The finance bill, presented on the day of the budget, proposed a limit on cash transactions. Initially, the limit was set at Rs. 3 lakhs per transaction. There was to be a penalty of 100% for transactions above this limit. But the amended bill reduced this limit to Rs. 2 lakhs per transaction. The government is yet to decide the penalty.

Such a move may curb the circulation of black money in the economy. By encouraging cashless transactions, it could take India closer to becoming a digital economy.

3) More income tax (IT) raids

The amendments to the bill have enhanced the powers of income tax authorities. IT officials will now be able to raid any property, and seize the raided property for six months. Additionally, they will not have to provide any justification for doing so. This move could address corruption. But experts have a word of warning; they believe it could mean unnecessary harassment for innocent taxpayers.

4) Political funding

The amended bill also affects donations to political parties. For instance, contributions to political parties must go through certain channels. Donations can be made through cheque, bank draft, or electronic means. There may be other government-notified schemes, too. The goal is to encourage transparency.

How much companies can donate to political parties, has also changed.

  • Before, a company could contribute only up to 7.5% (on average) of its net profits in the last three financial years.
  • It also had to disclose the donation amount, and had to name the receiving party.
  • From 1 April 2017, however, a company can make such donations without any limit.
  • It also does not have to follow any disclosure norms. This means companies can pay any amount to political parties.

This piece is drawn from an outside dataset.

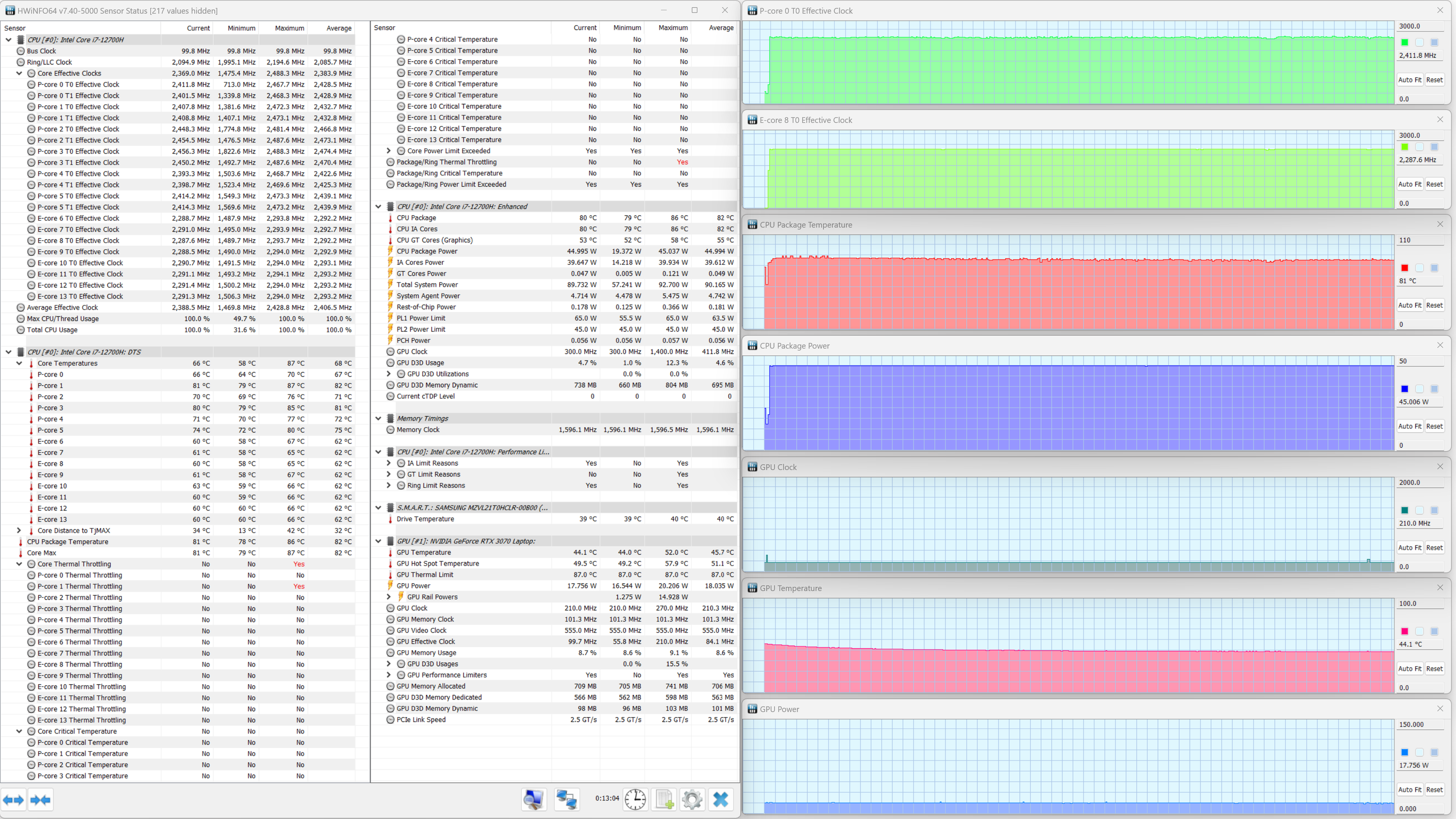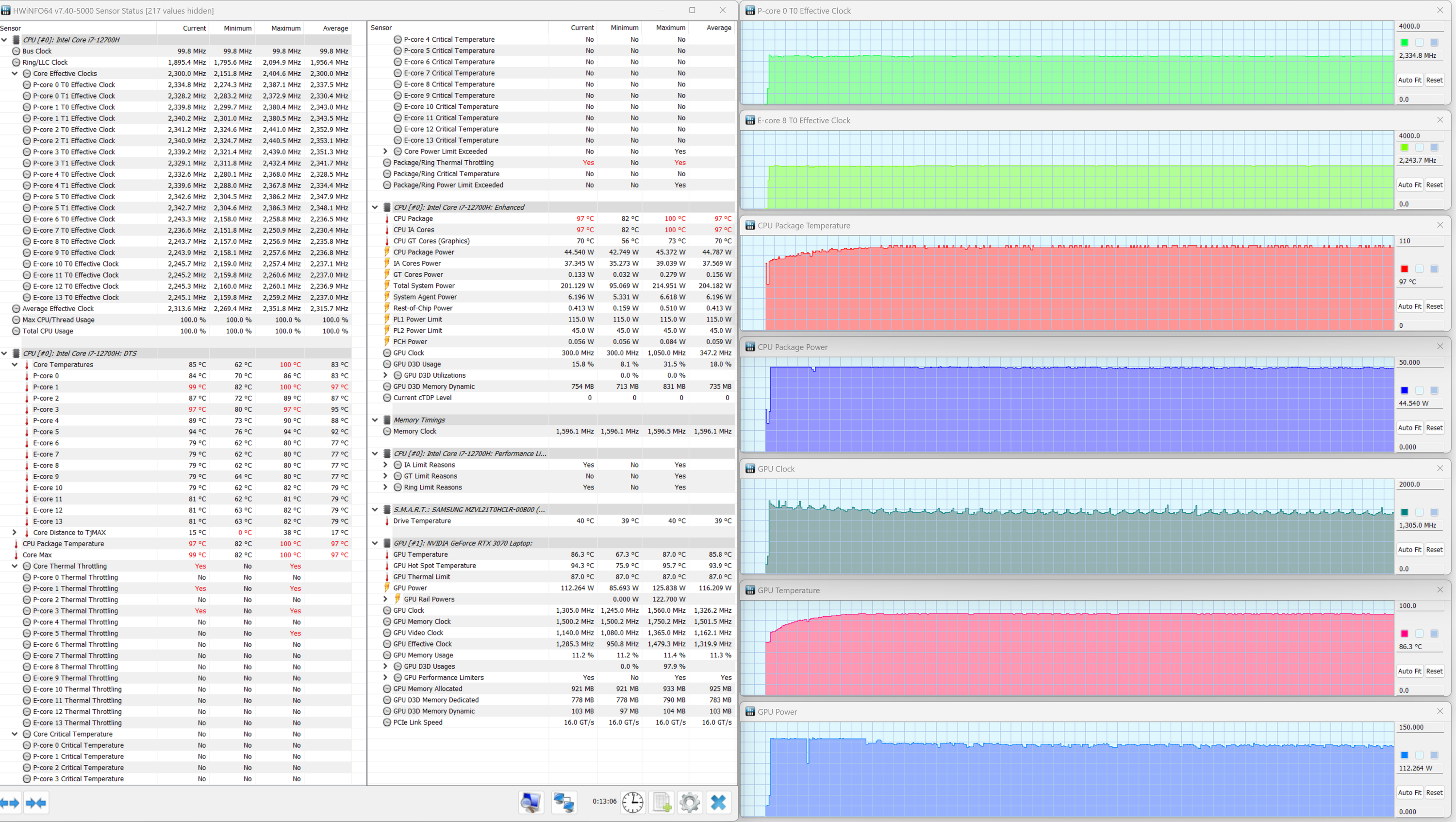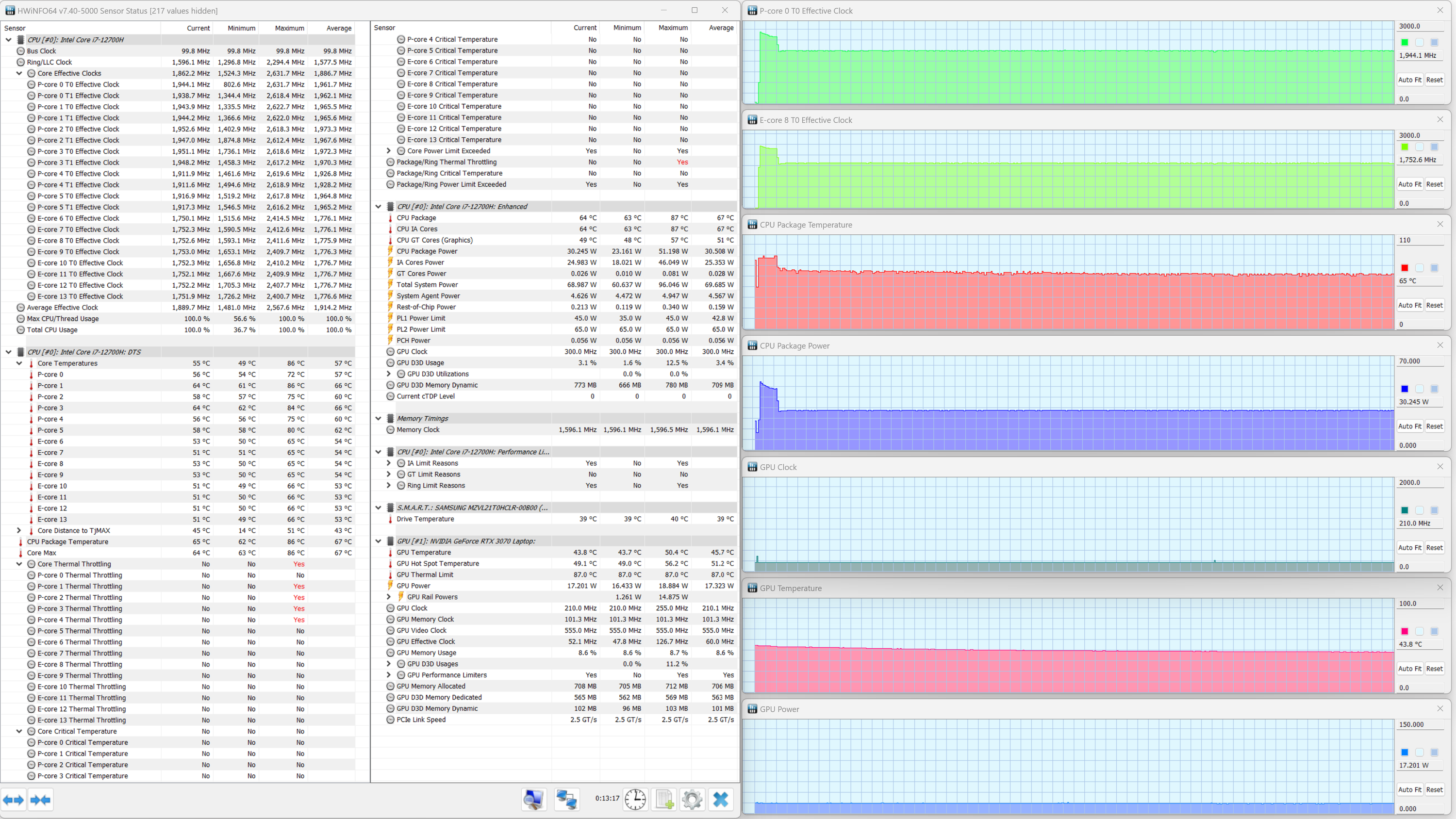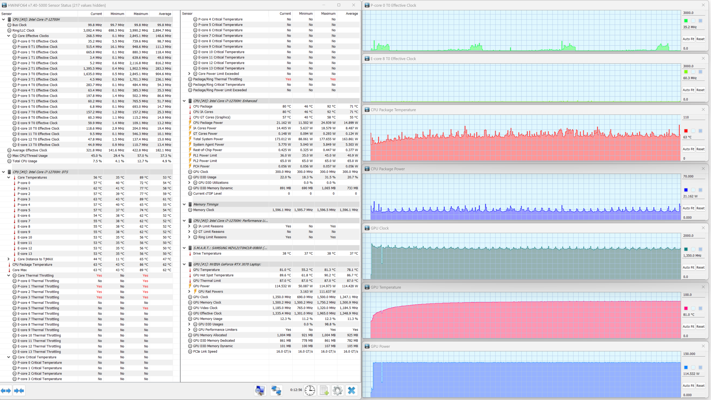 Процессор Intel Core i7-12700H в составе героя нашего обзора — не самое топовое решение, но всё же отличающееся высокой производительностью. По соотношению быстродействия и цены выбор этого вычислителя для игрового ноутбука объясним и закономерен. Низкоуровневые параметры CPU представлены ниже на скриншоте утилиты HWInfo.

Related: With GST ready to roll out this July, what does it mean for you?

5) Merging of the tribunals

The amended bill provides for the merging of several administrative tribunals. The government will now also decide the appointment or removal of their officials. This may affect the independence of tribunals, or create a conflict of interest where the government is party to a dispute.

6) Quick recap of Budget 2017

Taxpayers in the Rs. 2.5–5 lakhs slab heaved a sigh of relief, as the tax rate for them was reduced to 5% from 10%. It also reduced the tax liability of people falling in higher slabs, allowing them to save Rs. 12,500. Additionally, the ITR filing process for those with a taxable income of up to Rs. 5 lakhs, has also been simplified. So, the budget brought good news for people with a lower income. But it burdened high-income taxpayers with an extra surcharge. This was 10% or 15% depending on their income.

The bottom line

While the budget, which was announced on 1 February 2017, gave most people a reason to cheer, many do not approve of the amendments. Several analysts and experts have pointed out the loopholes in the Finance Bill. Only time will tell how well this will work out for the people.